- [Records shown]:
--

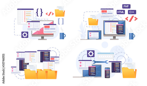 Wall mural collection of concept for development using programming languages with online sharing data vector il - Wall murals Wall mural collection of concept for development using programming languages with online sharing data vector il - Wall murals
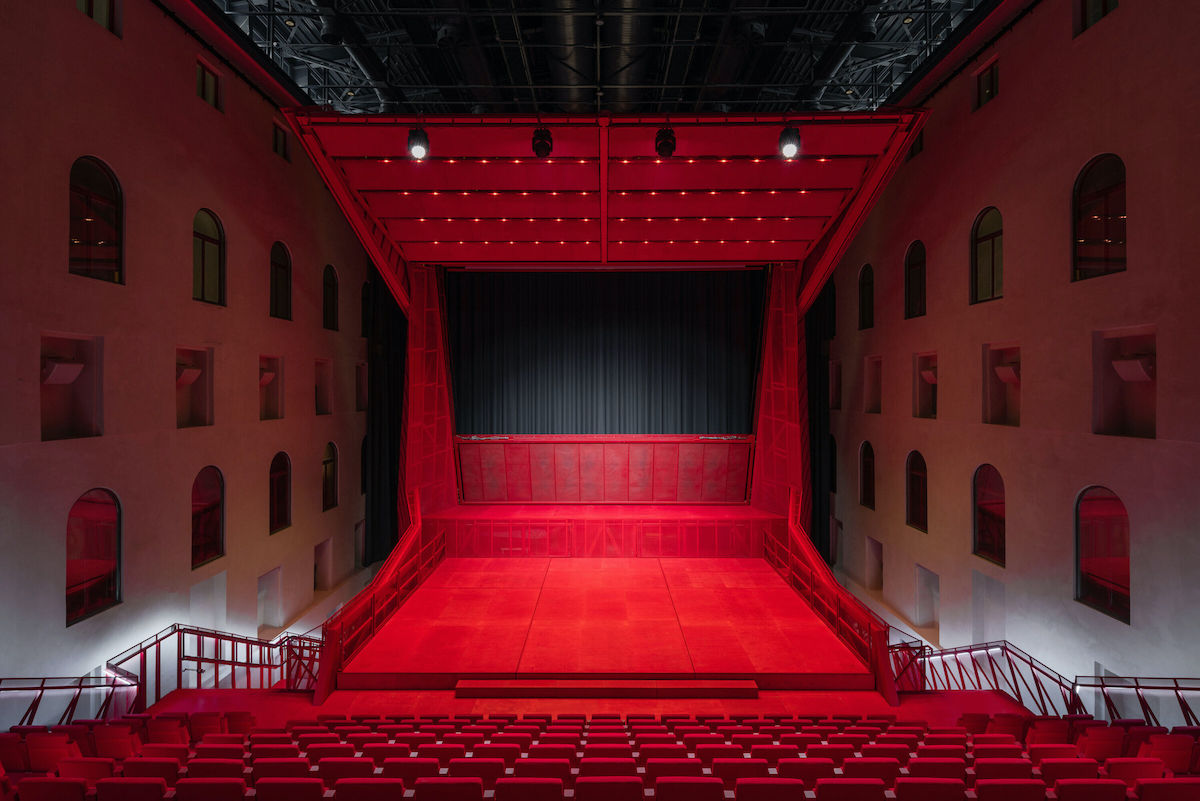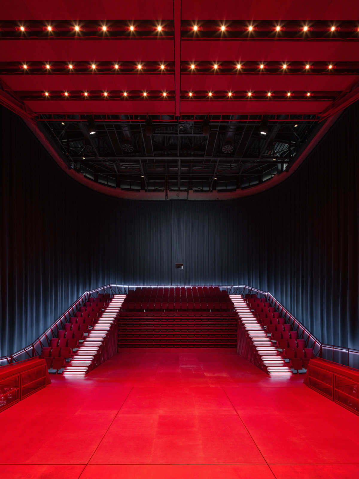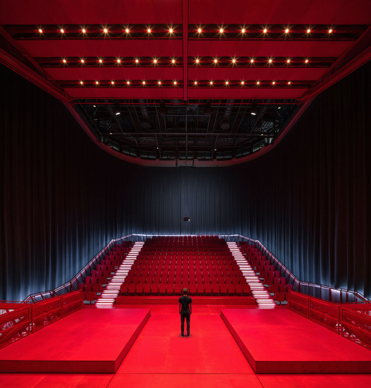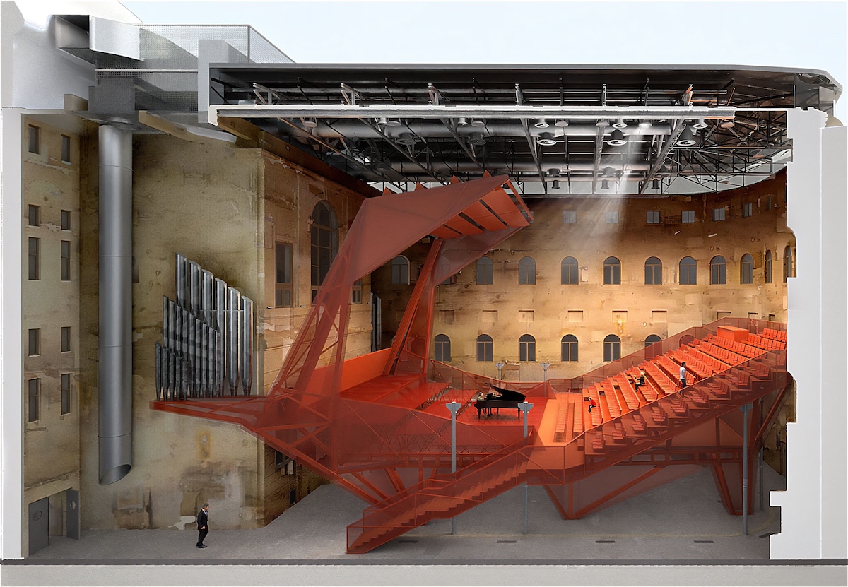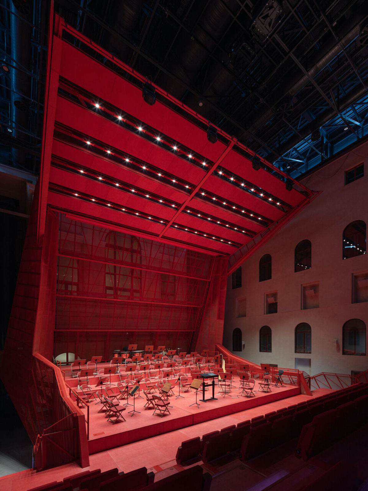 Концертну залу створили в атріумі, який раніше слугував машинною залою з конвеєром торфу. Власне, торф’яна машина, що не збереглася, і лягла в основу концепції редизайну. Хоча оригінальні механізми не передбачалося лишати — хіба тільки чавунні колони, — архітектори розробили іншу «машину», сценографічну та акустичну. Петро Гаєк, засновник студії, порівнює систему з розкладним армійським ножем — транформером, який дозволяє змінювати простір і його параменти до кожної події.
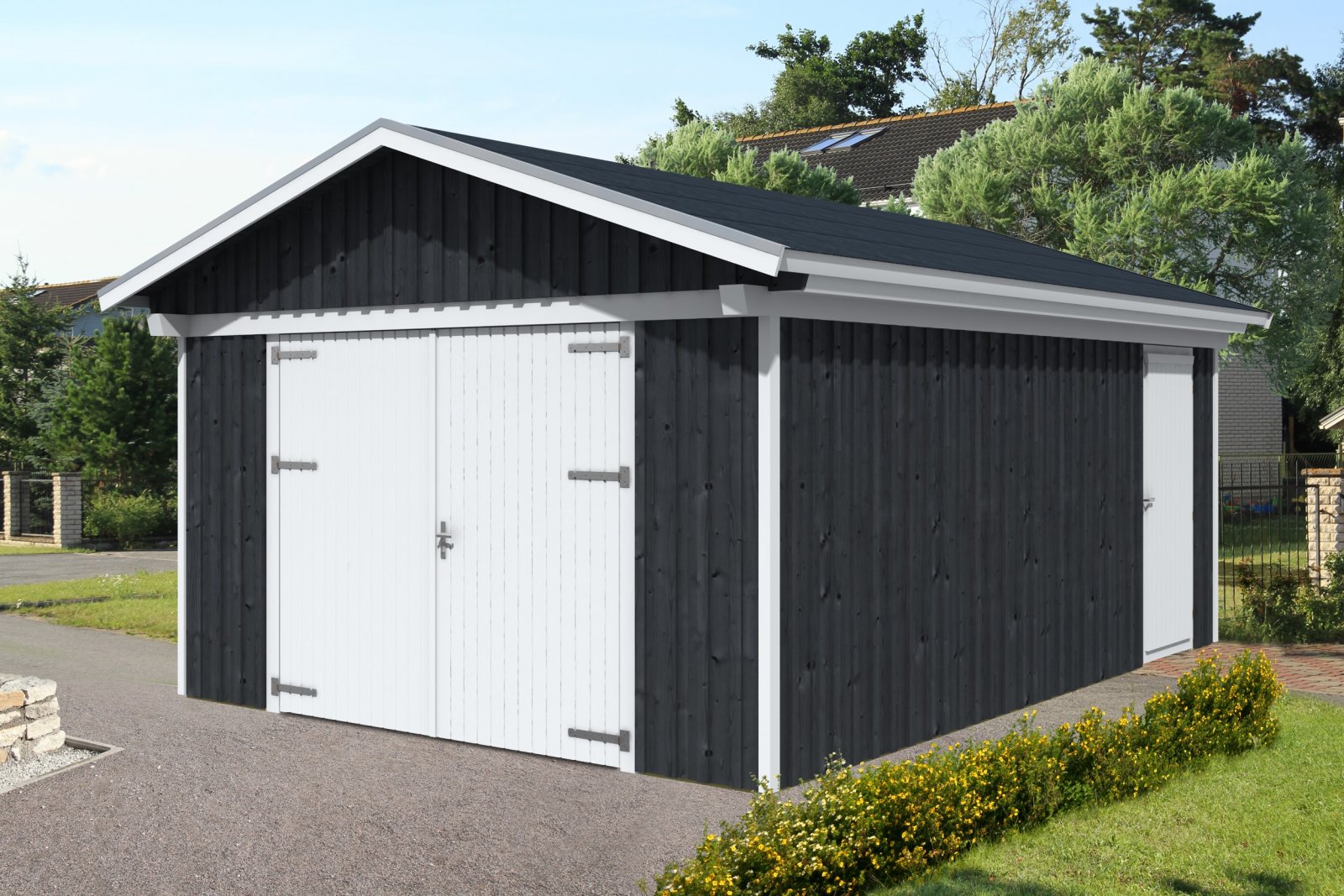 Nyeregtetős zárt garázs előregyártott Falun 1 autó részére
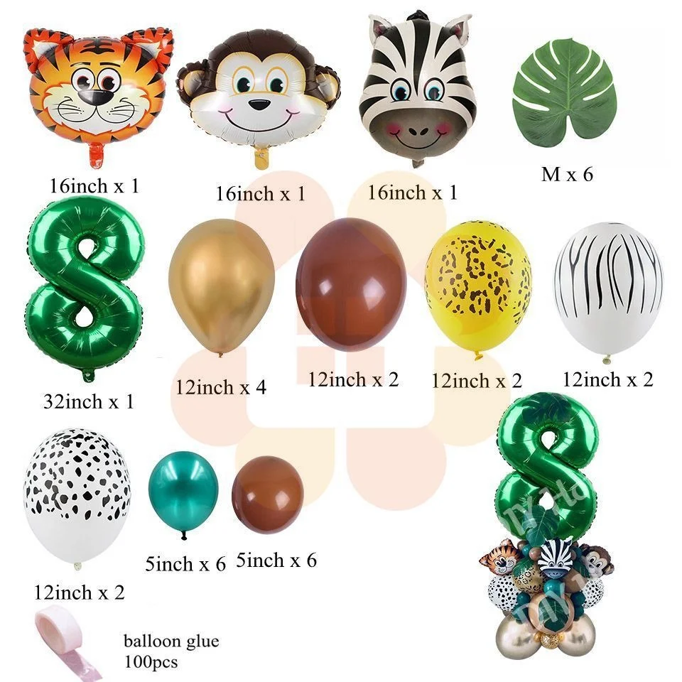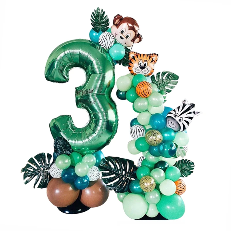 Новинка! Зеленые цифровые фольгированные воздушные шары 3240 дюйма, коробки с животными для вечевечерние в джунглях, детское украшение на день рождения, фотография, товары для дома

--

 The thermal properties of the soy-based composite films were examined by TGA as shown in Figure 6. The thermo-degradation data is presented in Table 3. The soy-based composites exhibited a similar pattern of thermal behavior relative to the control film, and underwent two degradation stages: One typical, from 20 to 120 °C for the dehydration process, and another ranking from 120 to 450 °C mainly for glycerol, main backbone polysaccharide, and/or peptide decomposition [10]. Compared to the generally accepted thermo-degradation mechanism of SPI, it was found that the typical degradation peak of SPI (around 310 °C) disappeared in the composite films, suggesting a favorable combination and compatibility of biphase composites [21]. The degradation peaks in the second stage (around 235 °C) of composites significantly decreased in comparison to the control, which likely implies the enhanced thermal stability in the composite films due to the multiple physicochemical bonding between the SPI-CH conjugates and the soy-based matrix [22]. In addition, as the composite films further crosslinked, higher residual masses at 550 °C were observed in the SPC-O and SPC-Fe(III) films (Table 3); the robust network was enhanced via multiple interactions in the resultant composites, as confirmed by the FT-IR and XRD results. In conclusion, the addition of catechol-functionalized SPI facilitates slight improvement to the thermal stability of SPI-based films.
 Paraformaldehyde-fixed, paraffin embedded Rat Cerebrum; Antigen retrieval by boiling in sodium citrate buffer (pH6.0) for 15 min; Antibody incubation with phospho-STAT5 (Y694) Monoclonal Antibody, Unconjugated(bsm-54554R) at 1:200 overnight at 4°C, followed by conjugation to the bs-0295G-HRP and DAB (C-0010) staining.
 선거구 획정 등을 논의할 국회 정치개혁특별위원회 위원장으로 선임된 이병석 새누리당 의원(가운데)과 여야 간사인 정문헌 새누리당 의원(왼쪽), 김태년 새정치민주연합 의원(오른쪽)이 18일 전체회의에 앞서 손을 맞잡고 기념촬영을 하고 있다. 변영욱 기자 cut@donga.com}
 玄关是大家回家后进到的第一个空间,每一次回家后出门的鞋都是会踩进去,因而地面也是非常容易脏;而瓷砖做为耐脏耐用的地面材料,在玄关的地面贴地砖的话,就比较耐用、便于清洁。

--

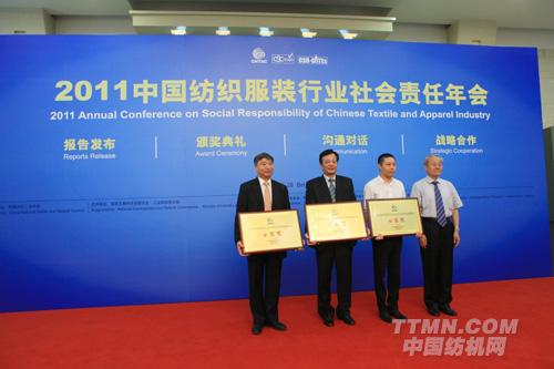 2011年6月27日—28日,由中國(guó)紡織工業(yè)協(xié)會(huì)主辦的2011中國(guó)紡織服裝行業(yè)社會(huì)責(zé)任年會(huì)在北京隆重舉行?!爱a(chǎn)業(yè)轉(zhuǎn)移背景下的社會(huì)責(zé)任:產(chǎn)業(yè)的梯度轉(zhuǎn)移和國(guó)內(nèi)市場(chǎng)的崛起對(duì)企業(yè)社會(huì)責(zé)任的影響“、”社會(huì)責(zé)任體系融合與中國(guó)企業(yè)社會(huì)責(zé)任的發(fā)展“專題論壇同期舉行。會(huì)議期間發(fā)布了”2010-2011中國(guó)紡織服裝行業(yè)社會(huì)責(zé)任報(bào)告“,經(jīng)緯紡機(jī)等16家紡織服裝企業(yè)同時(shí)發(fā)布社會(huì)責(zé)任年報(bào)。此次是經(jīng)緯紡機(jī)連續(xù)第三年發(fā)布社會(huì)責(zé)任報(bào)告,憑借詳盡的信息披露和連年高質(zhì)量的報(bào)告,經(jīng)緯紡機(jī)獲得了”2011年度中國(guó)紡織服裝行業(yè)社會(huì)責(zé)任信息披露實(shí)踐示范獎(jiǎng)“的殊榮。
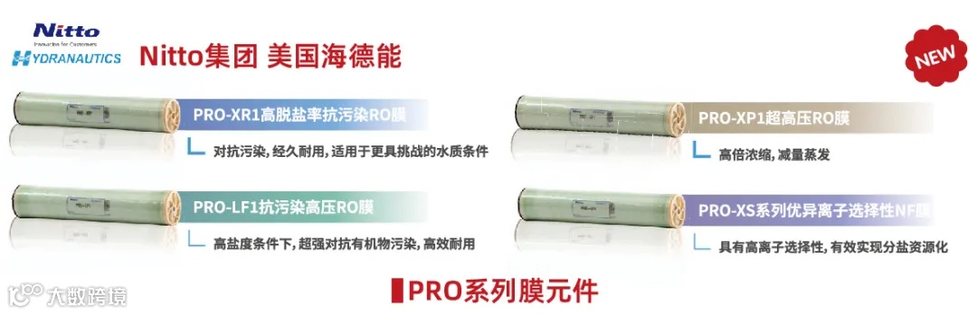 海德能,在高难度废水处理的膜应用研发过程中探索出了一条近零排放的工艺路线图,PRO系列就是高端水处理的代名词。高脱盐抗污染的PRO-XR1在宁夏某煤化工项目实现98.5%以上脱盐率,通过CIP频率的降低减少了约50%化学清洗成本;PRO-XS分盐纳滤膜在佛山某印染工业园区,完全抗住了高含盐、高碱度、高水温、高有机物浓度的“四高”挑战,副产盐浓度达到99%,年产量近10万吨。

--

- [Description of the task]:
Starting at the line containing "Wall murals Wall" and finishing at the line containing "Новинка! Зеленые цифровые", return those lines exactly as they appear above, without the pictures.

- [Answer box]:
 Wall mural collection of concept for development using programming languages with online sharing data vector il - Wall murals Wall mural collection of concept for development using programming languages with online sharing data vector il - Wall murals
 Концертну залу створили в атріумі, який раніше слугував машинною залою з конвеєром торфу. Власне, торф’яна машина, що не збереглася, і лягла в основу концепції редизайну. Хоча оригінальні механізми не передбачалося лишати — хіба тільки чавунні колони, — архітектори розробили іншу «машину», сценографічну та акустичну. Петро Гаєк, засновник студії, порівнює систему з розкладним армійським ножем — транформером, який дозволяє змінювати простір і його параменти до кожної події.
 Nyeregtetős zárt garázs előregyártott Falun 1 autó részére
 Новинка! Зеленые цифровые фольгированные воздушные шары 3240 дюйма, коробки с животными для вечевечерние в джунглях, детское украшение на день рождения, фотография, товары для дома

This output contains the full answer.